Task:
Each line in the material below must be transcribed exactly; no picture belongs in the copy.

** Opening Materials provided block **

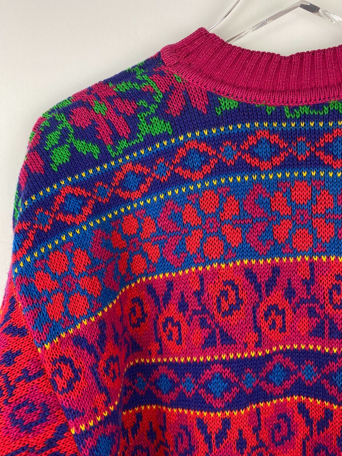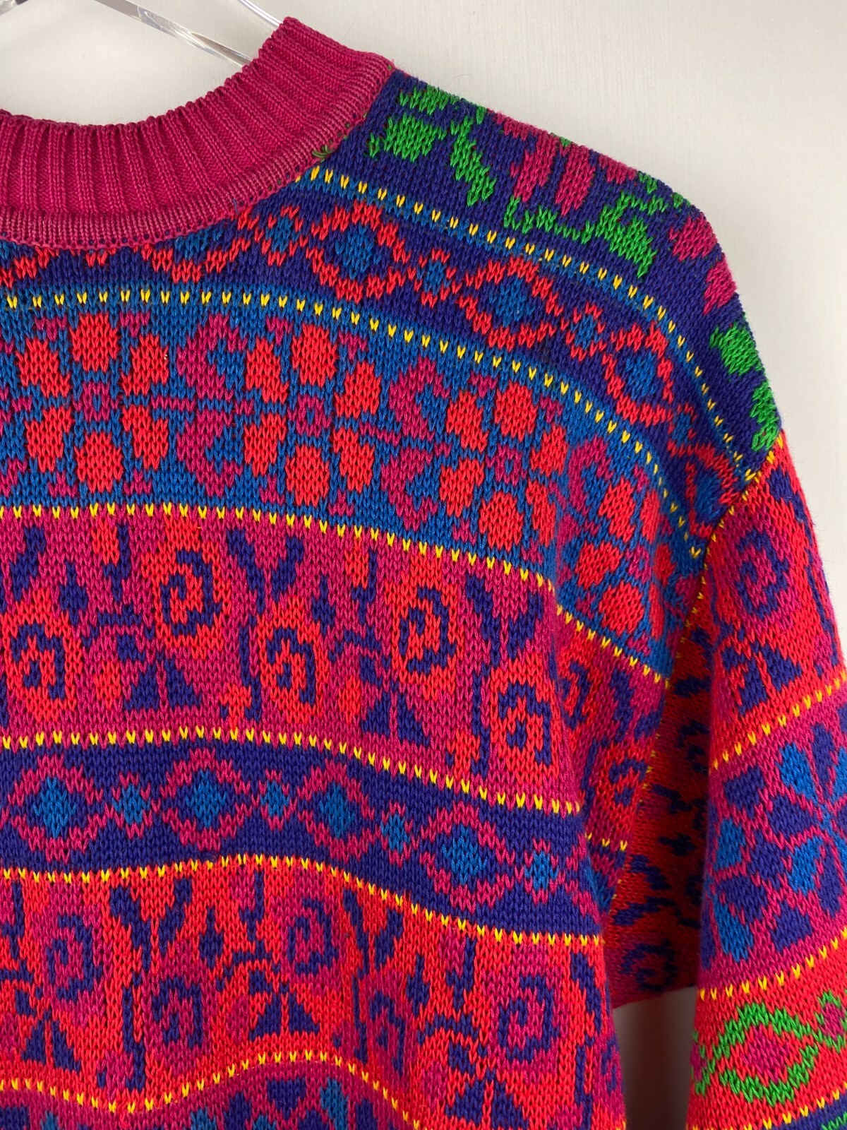 как выглядит Vintage Y2K Colorful Oversized Pullover Sweater Tunic Pink Red Blue Womens L фото
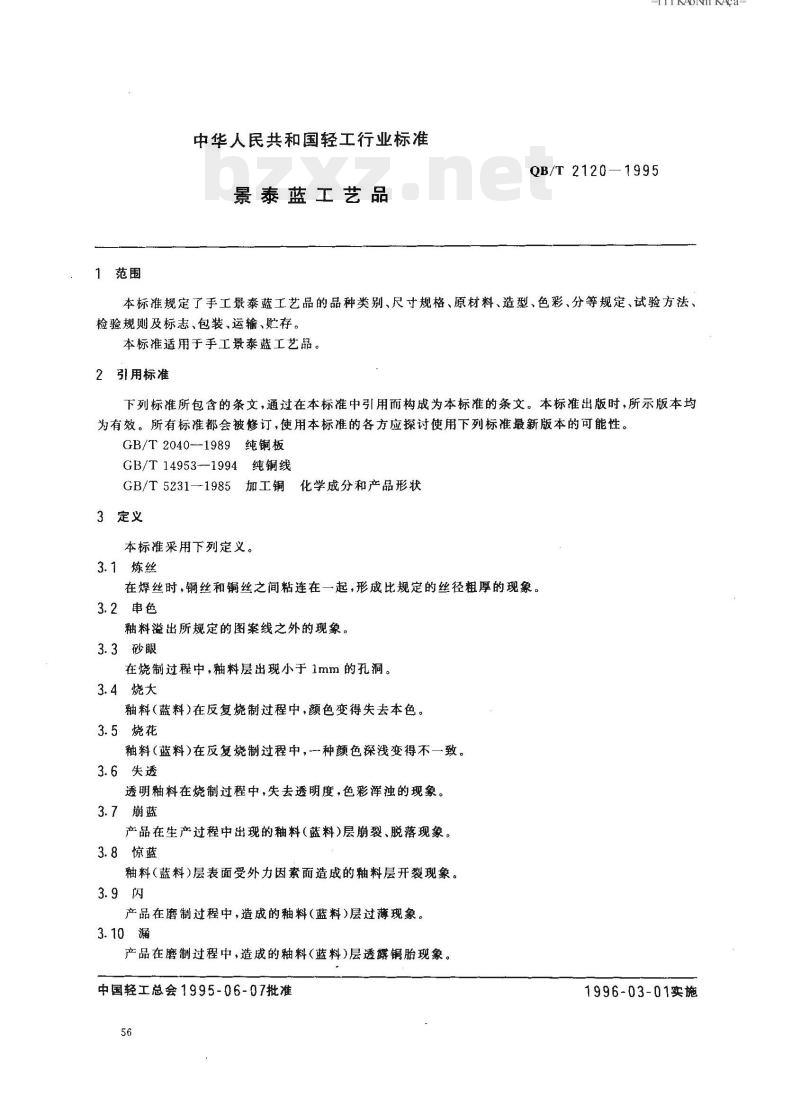 QB/T 2120规定了手工景泰蓝工艺品的品种类别、尺寸规格、原材料、造型、色彩、分等规定﹑试验方法、检验规则及标志,包装,运输、贮存。
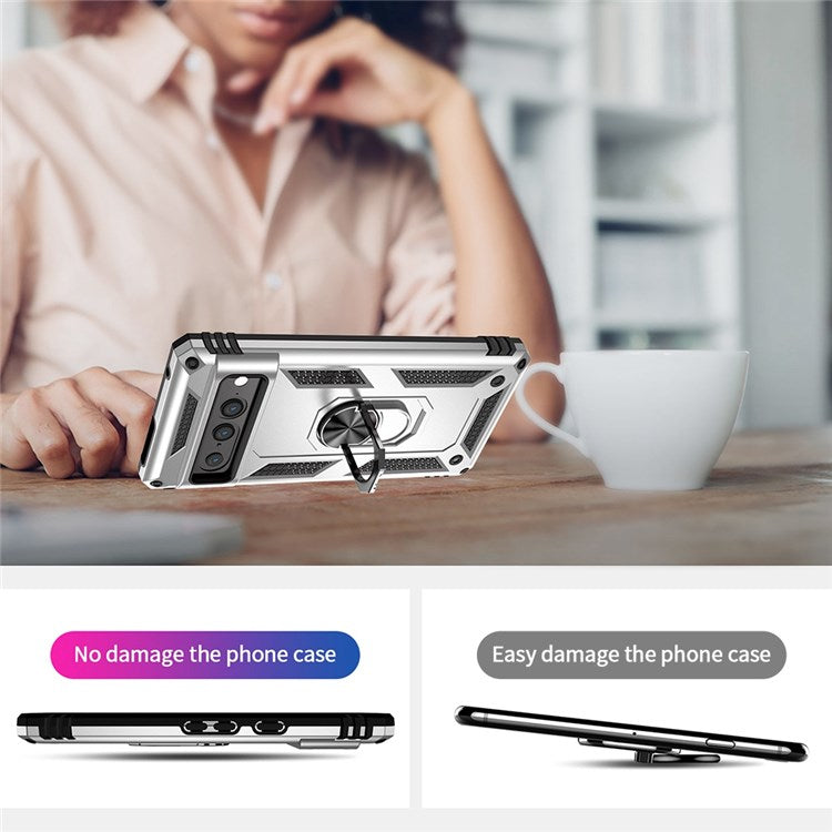 For Google Pixel 7 Pro 5G Phone Case, Bump Proof Hard PC Soft TPU Protective Cover Kickstand - Silver
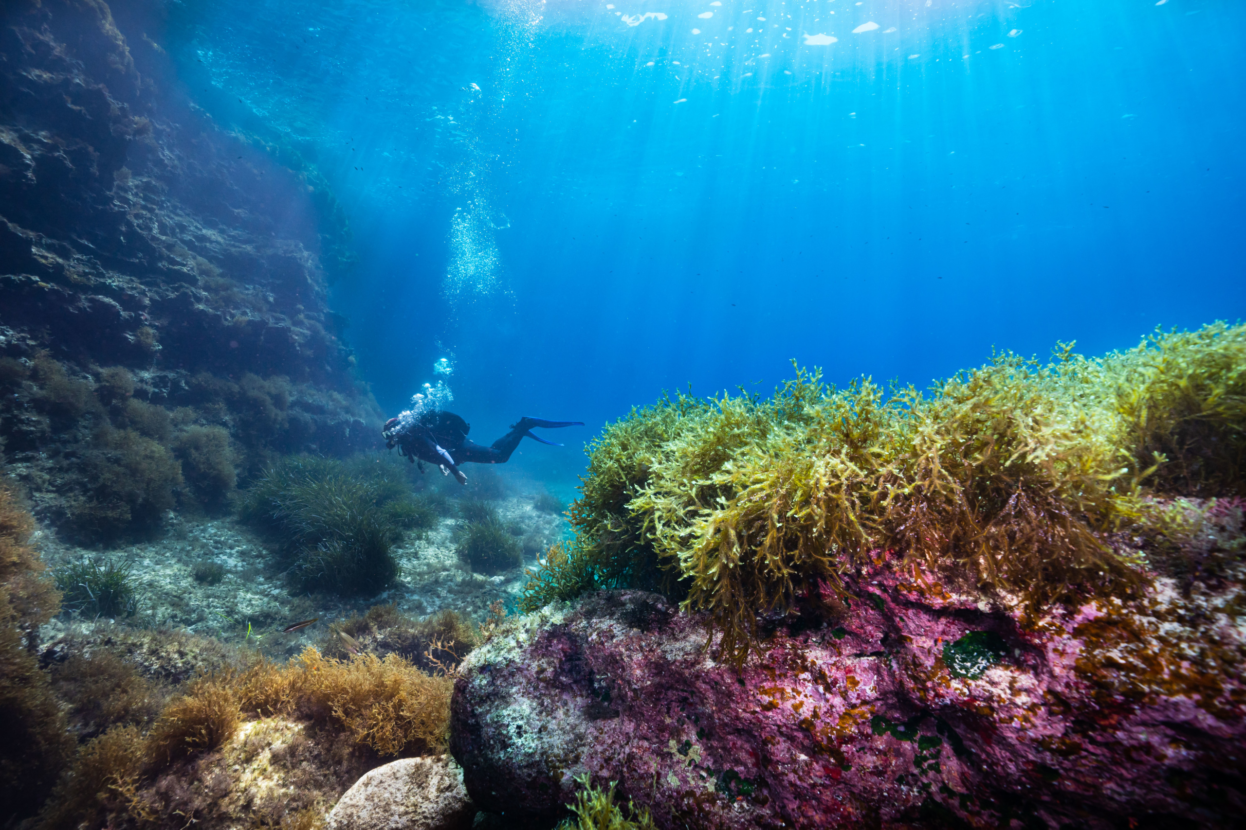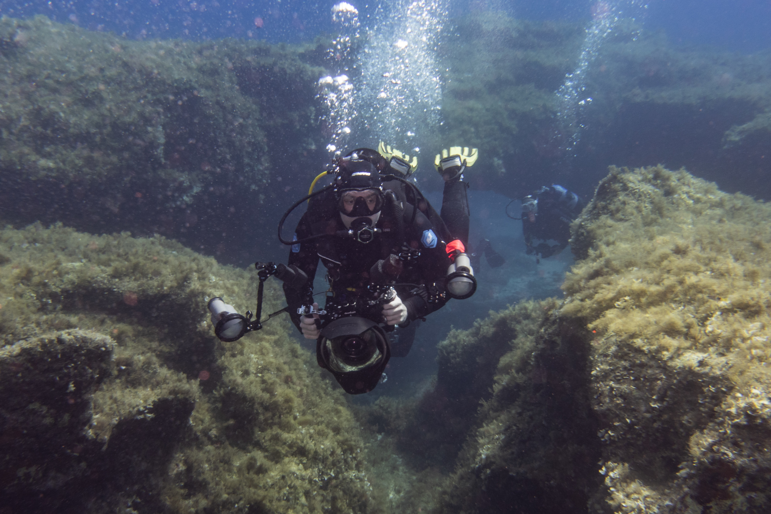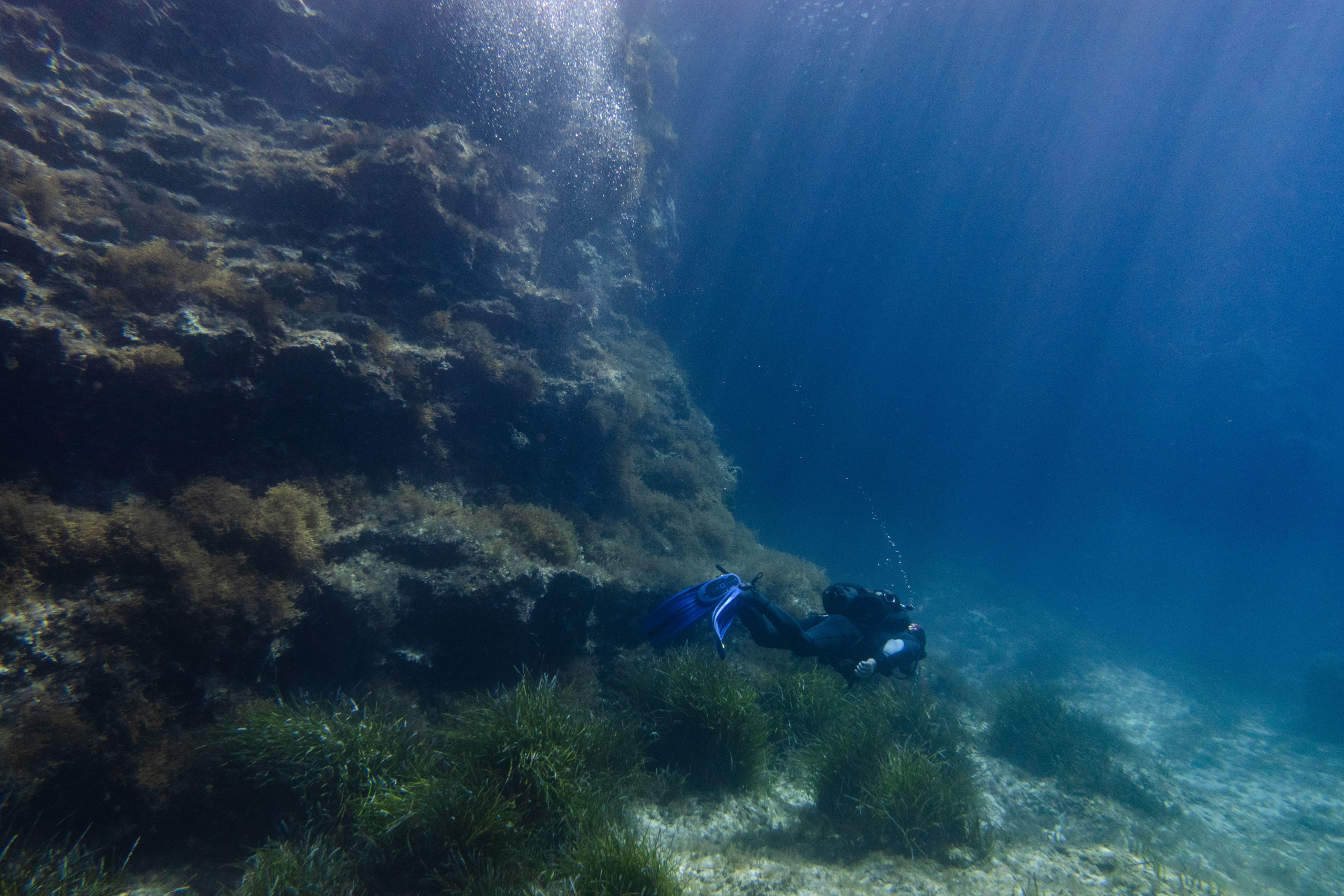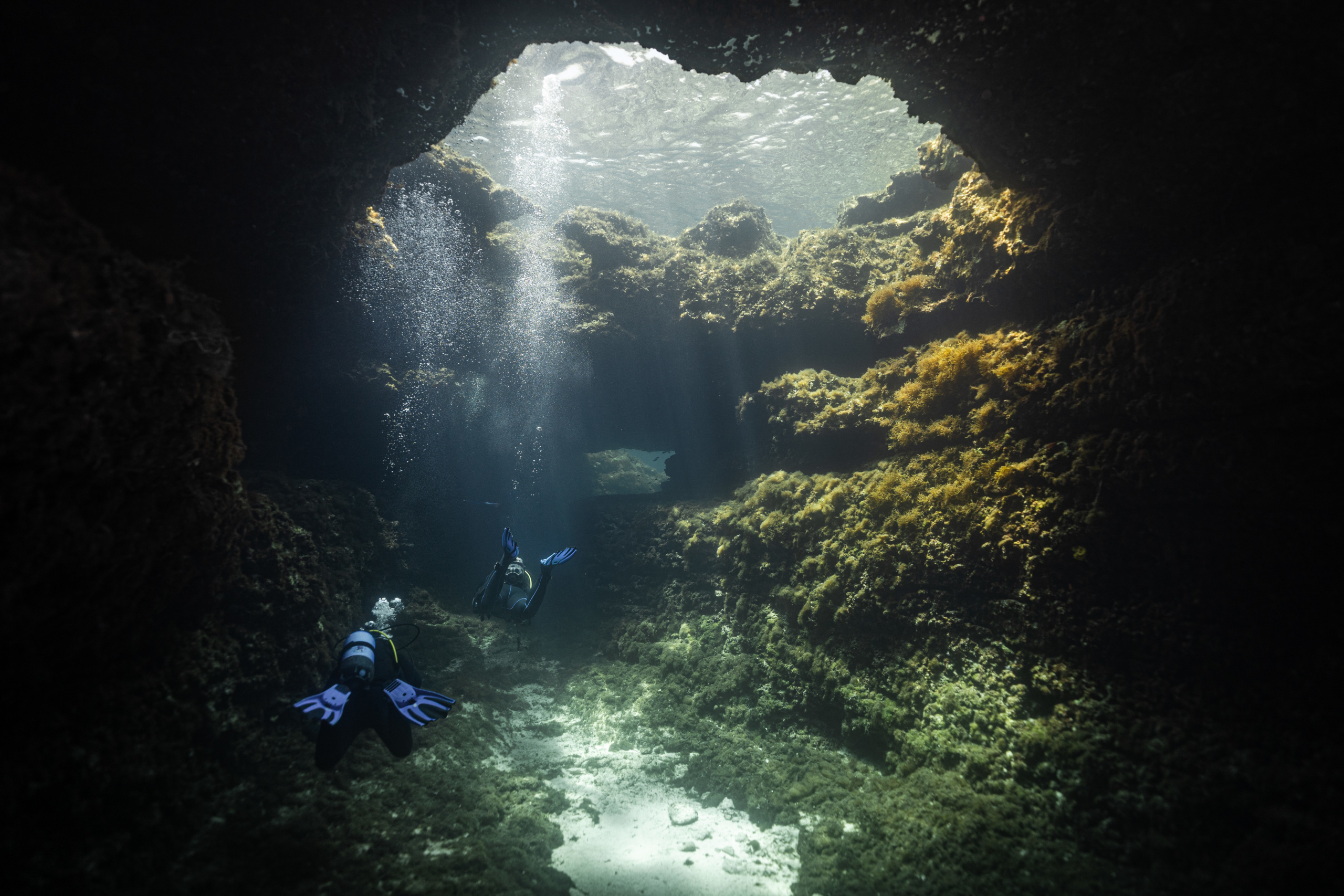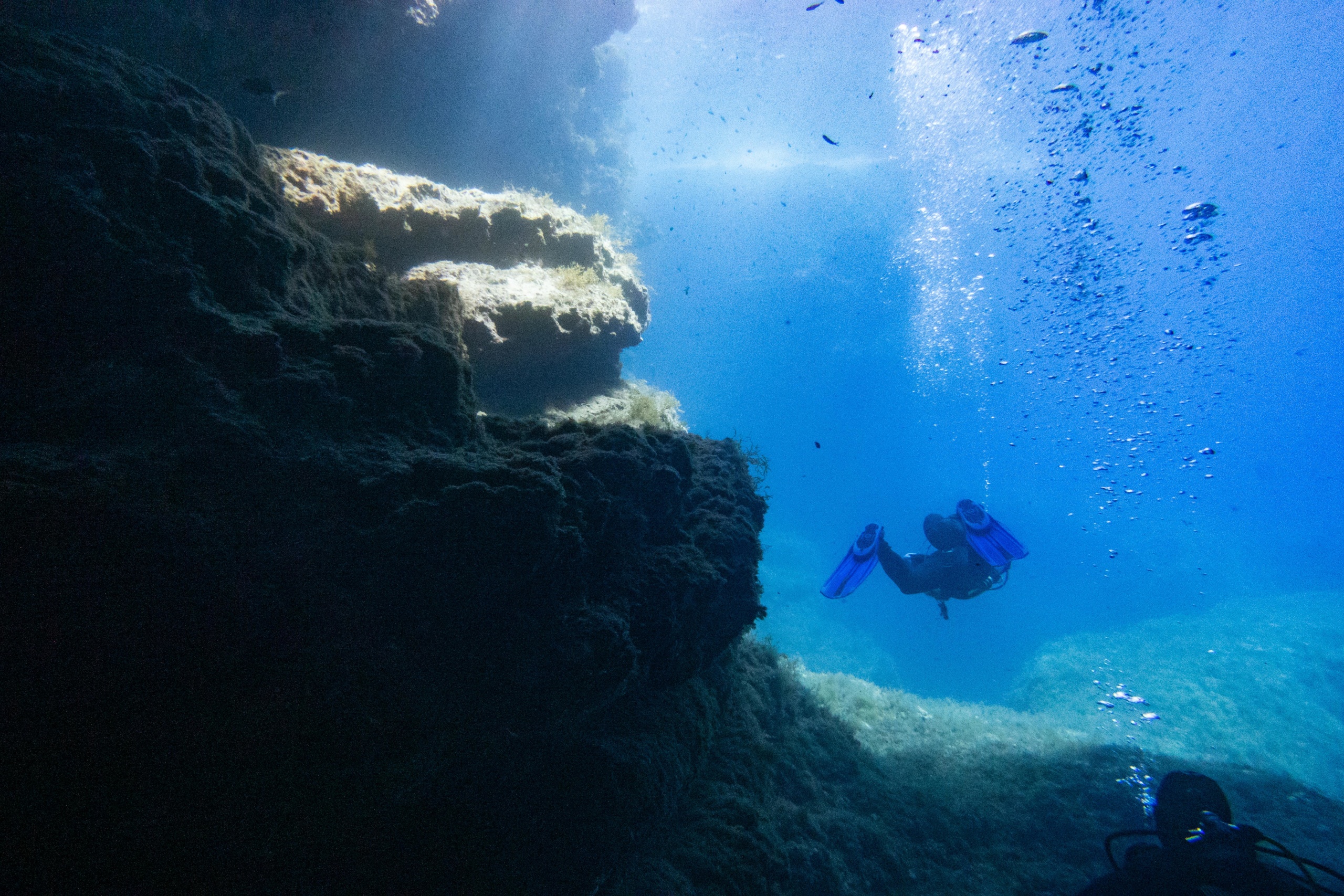 Wir sind beide etwas nervös, da wir schon seit über eineinhalb Jahren nichtmehr getaucht sind, der erste Tauchgang ist aber mit den Comino Caves perfekt dafür – es geht nur ca. 10m tief und der Einstieg ist über einer Sandbank. Wir starten über die Arch, die normalerweise erst am Schluss dran ist und sehen direkt einen Oktopus. Ich mache einige Bilder, doch das scheint ihn etwas zu stören und er rennt davon. (Allerdings auch mal cool einen laufenden Oktopus zu sehen – das habe ich bisher nur bei Nacht erlebt) Wir tauchen weiter durch die Cavern in die Höhlen und kommen zum Z. Zwischendurch fühlt sich der Druckausgleich im rechten Ohr komisch an, er funktioniert aber durchgehend und das komische Gefühl legt sich auch bald. Insgesamt ein sehr entspannter Tauchgang, ideal um wieder reinzukommen.
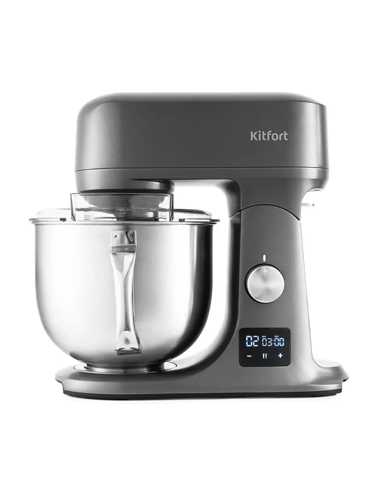 Ультрасовременный, мощный и тихий цельнометаллический миксер Kitfort КТ-1328 поможет вам смешать ингредиенты, взбить яичный белок или сливки, приготовить картофельное пюре, соус, крем, мусс, замесить жидкое тесто для блинов и крутое для пельменей и пирогов. Чаша миксера с удобной ручкой имеет емкость 5 литров и изготовлена из нержавеющей стали. Установить нужную скорость и включить импульсный режим вы можете регулятором скорости. Миксер оснащен таймером прямого и обратного отсчета и дисплеем с сенсорными кнопками. На дисплее отображается время таймера, а кнопками вы можете установить время работы и включить паузу. По истечении установленного времени миксер выключится сам. Таймер прямого отсчета выключает мотор через 10 минут, поэтому, если вы забыли про включенный миксер, он выключится автоматически.
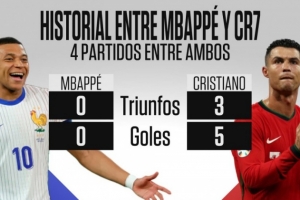 据统计,C罗与姆巴佩此前一共交手4次,C罗3胜1平打进5球,姆巴佩0胜0进球。
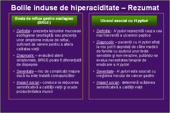 "Bolile induse de hiperaciditate" constituie un termen generic care cuprinde mai multe afectiuni, dintre care cele mai frecvente sunt BRGE si ulcerele determinate de H pylori.
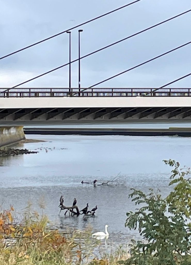 一羽でも存在感が半端ない。遠くからでも、すぐに白鳥だと分かりました。大川橋から白鳥を見るのは初めてです。それにしても、白鳥が一羽だけいるのは珍しく、渡りの途中で群れから離れたのか、親鳥から独立した若鳥なのでしょうか。
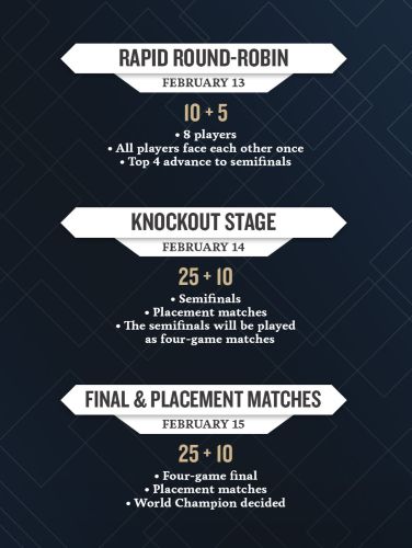 Я уверен, что и партии будут играться именно в соответствии с рапид-правилами (касательно отсутствия необходимости вести запись и наказания за невозможный ход).

** Closing Materials provided block **

Exercise response:
 как выглядит Vintage Y2K Colorful Oversized Pullover Sweater Tunic Pink Red Blue Womens L фото
 QB/T 2120规定了手工景泰蓝工艺品的品种类别、尺寸规格、原材料、造型、色彩、分等规定﹑试验方法、检验规则及标志,包装,运输、贮存。
 For Google Pixel 7 Pro 5G Phone Case, Bump Proof Hard PC Soft TPU Protective Cover Kickstand - Silver
 Wir sind beide etwas nervös, da wir schon seit über eineinhalb Jahren nichtmehr getaucht sind, der erste Tauchgang ist aber mit den Comino Caves perfekt dafür – es geht nur ca. 10m tief und der Einstieg ist über einer Sandbank. Wir starten über die Arch, die normalerweise erst am Schluss dran ist und sehen direkt einen Oktopus. Ich mache einige Bilder, doch das scheint ihn etwas zu stören und er rennt davon. (Allerdings auch mal cool einen laufenden Oktopus zu sehen – das habe ich bisher nur bei Nacht erlebt) Wir tauchen weiter durch die Cavern in die Höhlen und kommen zum Z. Zwischendurch fühlt sich der Druckausgleich im rechten Ohr komisch an, er funktioniert aber durchgehend und das komische Gefühl legt sich auch bald. Insgesamt ein sehr entspannter Tauchgang, ideal um wieder reinzukommen.
 Ультрасовременный, мощный и тихий цельнометаллический миксер Kitfort КТ-1328 поможет вам смешать ингредиенты, взбить яичный белок или сливки, приготовить картофельное пюре, соус, крем, мусс, замесить жидкое тесто для блинов и крутое для пельменей и пирогов. Чаша миксера с удобной ручкой имеет емкость 5 литров и изготовлена из нержавеющей стали. Установить нужную скорость и включить импульсный режим вы можете регулятором скорости. Миксер оснащен таймером прямого и обратного отсчета и дисплеем с сенсорными кнопками. На дисплее отображается время таймера, а кнопками вы можете установить время работы и включить паузу. По истечении установленного времени миксер выключится сам. Таймер прямого отсчета выключает мотор через 10 минут, поэтому, если вы забыли про включенный миксер, он выключится автоматически.
 据统计,C罗与姆巴佩此前一共交手4次,C罗3胜1平打进5球,姆巴佩0胜0进球。
 "Bolile induse de hiperaciditate" constituie un termen generic care cuprinde mai multe afectiuni, dintre care cele mai frecvente sunt BRGE si ulcerele determinate de H pylori.
 一羽でも存在感が半端ない。遠くからでも、すぐに白鳥だと分かりました。大川橋から白鳥を見るのは初めてです。それにしても、白鳥が一羽だけいるのは珍しく、渡りの途中で群れから離れたのか、親鳥から独立した若鳥なのでしょうか。
 Я уверен, что и партии будут играться именно в соответствии с рапид-правилами (касательно отсутствия необходимости вести запись и наказания за невозможный ход).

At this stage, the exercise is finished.